====== Extracted entries ======

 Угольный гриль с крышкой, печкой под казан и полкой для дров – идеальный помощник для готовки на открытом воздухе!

======
====== Extracted entries ======

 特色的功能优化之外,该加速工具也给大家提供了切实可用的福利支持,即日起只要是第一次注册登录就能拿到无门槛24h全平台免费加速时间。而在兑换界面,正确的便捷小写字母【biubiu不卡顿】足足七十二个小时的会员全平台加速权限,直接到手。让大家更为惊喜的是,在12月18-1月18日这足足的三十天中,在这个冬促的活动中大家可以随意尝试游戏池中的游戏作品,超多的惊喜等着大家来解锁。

======
====== Extracted entries ======

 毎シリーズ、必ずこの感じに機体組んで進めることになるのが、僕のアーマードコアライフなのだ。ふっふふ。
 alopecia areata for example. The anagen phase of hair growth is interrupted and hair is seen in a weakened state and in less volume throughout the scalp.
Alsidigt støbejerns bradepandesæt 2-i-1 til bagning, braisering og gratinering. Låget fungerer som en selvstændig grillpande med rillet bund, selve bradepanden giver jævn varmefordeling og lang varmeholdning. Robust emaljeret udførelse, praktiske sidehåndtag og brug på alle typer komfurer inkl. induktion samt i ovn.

======

## Problem to solve
Begin with the line that has "毎シリーズ、必ずこの感じに機" in the listing above and end after the line that has "Alsidigt støbejerns bradepandesæt"; output those lines exactly.

## Exercise result
 毎シリーズ、必ずこの感じに機体組んで進めることになるのが、僕のアーマードコアライフなのだ。ふっふふ。
 alopecia areata for example. The anagen phase of hair growth is interrupted and hair is seen in a weakened state and in less volume throughout the scalp.
Alsidigt støbejerns bradepandesæt 2-i-1 til bagning, braisering og gratinering. Låget fungerer som en selvstændig grillpande med rillet bund, selve bradepanden giver jævn varmefordeling og lang varmeholdning. Robust emaljeret udførelse, praktiske sidehåndtag og brug på alle typer komfurer inkl. induktion samt i ovn.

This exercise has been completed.